→ Excerpted records:

--------------------------------

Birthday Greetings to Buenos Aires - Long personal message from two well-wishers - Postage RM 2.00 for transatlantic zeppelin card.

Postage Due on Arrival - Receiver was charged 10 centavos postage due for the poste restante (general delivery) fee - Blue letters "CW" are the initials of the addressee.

--------------------------------

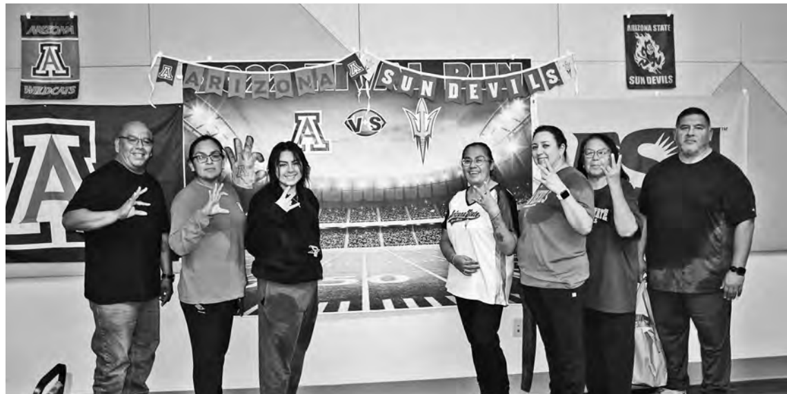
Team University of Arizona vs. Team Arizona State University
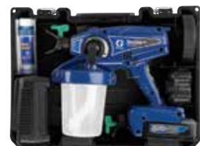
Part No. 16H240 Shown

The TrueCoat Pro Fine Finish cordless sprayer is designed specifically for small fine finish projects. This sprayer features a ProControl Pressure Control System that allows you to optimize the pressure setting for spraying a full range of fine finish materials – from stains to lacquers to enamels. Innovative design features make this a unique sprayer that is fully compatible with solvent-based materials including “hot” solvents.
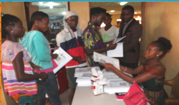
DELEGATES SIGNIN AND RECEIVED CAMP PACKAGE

--------------------------------

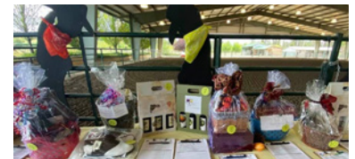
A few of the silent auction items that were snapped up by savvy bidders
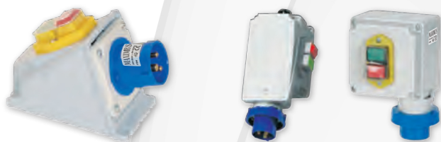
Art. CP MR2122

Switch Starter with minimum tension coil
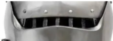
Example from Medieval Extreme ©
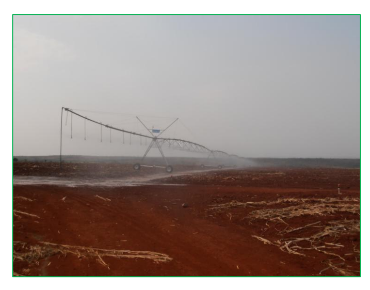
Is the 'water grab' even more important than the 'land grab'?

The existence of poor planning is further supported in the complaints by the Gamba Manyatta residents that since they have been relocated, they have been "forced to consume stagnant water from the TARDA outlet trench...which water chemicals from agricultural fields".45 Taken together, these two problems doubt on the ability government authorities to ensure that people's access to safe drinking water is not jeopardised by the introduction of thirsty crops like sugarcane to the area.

--------------------------------

→ What the exercise asks: Go through the material and copy every line in which the word "Postage" occurs.

→ Exercise output:
Birthday Greetings to Buenos Aires - Long personal message from two well-wishers - Postage RM 2.00 for transatlantic zeppelin card.
Postage Due on Arrival - Receiver was charged 10 centavos postage due for the poste restante (general delivery) fee - Blue letters "CW" are the initials of the addressee.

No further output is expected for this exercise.